February 18, 2004|Roger Vincent | Times Staff Writer

Los Angeles real estate services giant CB Richard Ellis Group Inc. wants to go public -- again.

The company plans to sell as much as $150 million worth of stock in an initial public offering, according to a Tuesday filing with the Securities and Exchange Commission.

The filing didn't reveal how many shares the company planned to sell, an estimated offering price or when the shares would be sold.

The money would be used to pay off debt -- including the remaining $38.3 million of the company's 16% senior notes due 2011 -- and for other general corporate purposes. Underwriters for the offering are Credit Suisse First Boston and Citigroup Inc. Shares would trade on the New York Stock Exchange under the ticker symbol CBG.

CB Richard Ellis Group, formerly CBRE Holdings, said it was the world's largest commercial real estate services firm in terms of 2002 revenue. It has 13,500 employees in 220 offices in the U.S. and abroad and offers such services as brokerage, appraisal and property management.

CB Commercial, as the company was known, went public in 1996 and merged with Richard Ellis in 1998. CB Richard Ellis went private again during a real estate recession in 2001 and acquired competitor Insignia Financial Group last year.

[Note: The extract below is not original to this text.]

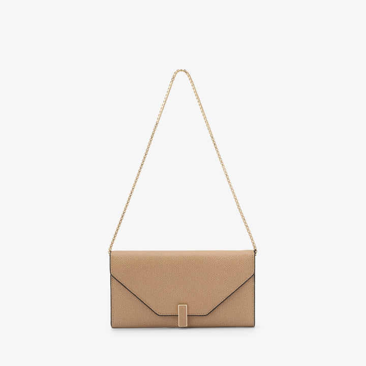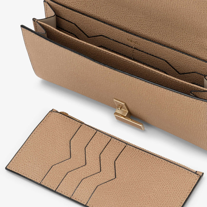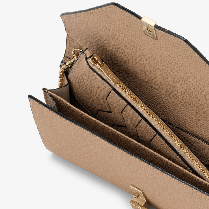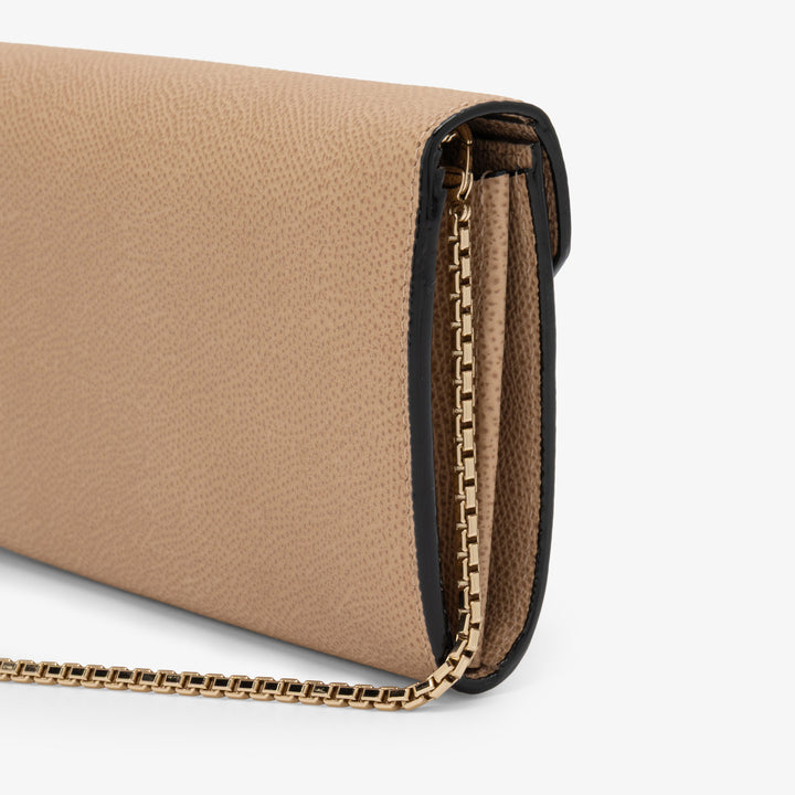 素材はソフトカーフスキン製、内側にはコンパートメントが3つと6枚のカード用のスロット付き。取り外し可能なジッパー式コインケースにはカードスロットが4つあり、クラッチの中に入れて使うのはもちろん、コインケース単体でもお使いいただけます。ヴァレクストラのアイコニックなクロージャーと取り外し可能なゴールドのチェーンのショルダーストラップ付き。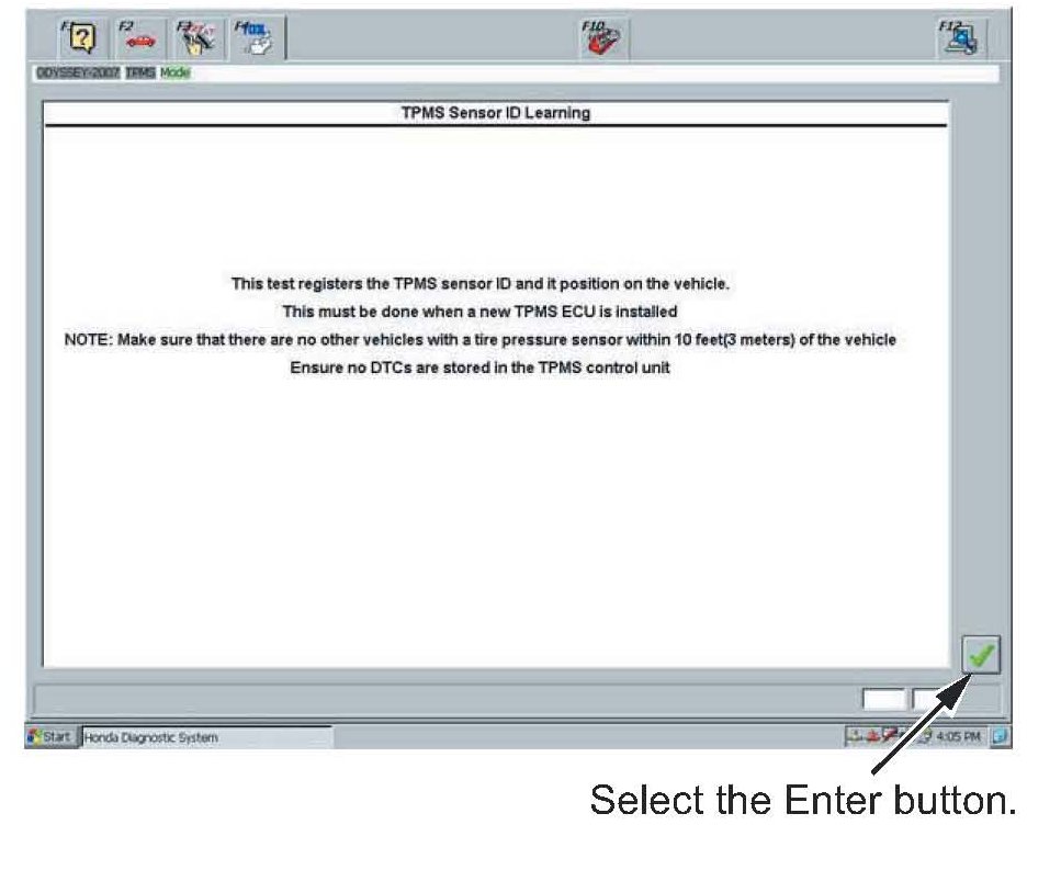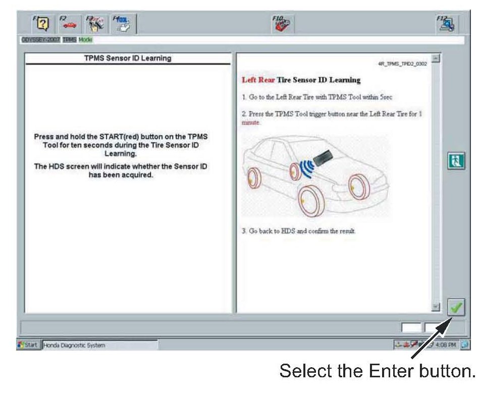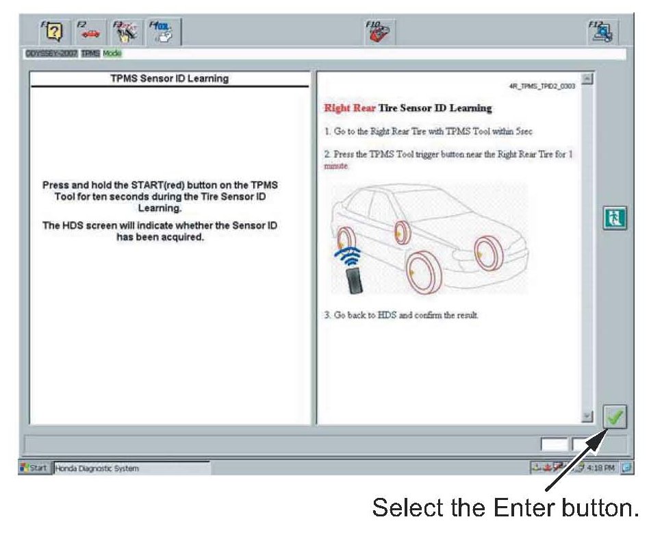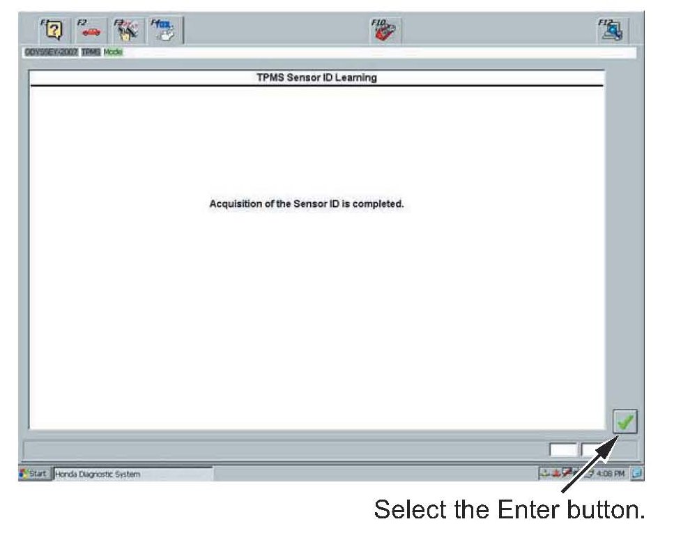 22. The sensor ID learning procedure is complete. Select the Enter button to continue to register the TPMS sensor IDs in the TPMS unit.

The company has picked an opportune time to return to the public equity market, analyst Jim Sullivan of Green Street Advisors said.

Although the real estate segment has cooled a bit in recent months, stocks of many home builders and real estate investment trusts are trading at or near all-time highs, he said.

"There is an avalanche of money, public and private, looking to buy real estate or real estate securities," Sullivan said.

It's also a good time for initial public stock offerings overall. So far this year, 22 companies have gone public -- the fastest pace since 2000.

Real estate services companies have often disappointed investors because their business tends to be cyclical and revenues are hard to predict, said John Cushman, chairman of real estate services firm Cushman & Wakefield, which is a private company. But taking the opportunity to pay off debt might be a smart move.

"You don't want a lot of debt when swings can be so great" in the industry, Cushman said. Companies saddled with debt when the real estate market turned south have been punished by Wall Street, he said.

But Mark Rose, chief operating officer of real estate services firm Jones Lang LaSalle Inc., said there were advantages to being a public company.

"The people we work for are public," Rose said. "We understand the pain they're going through and the problems they have to solve."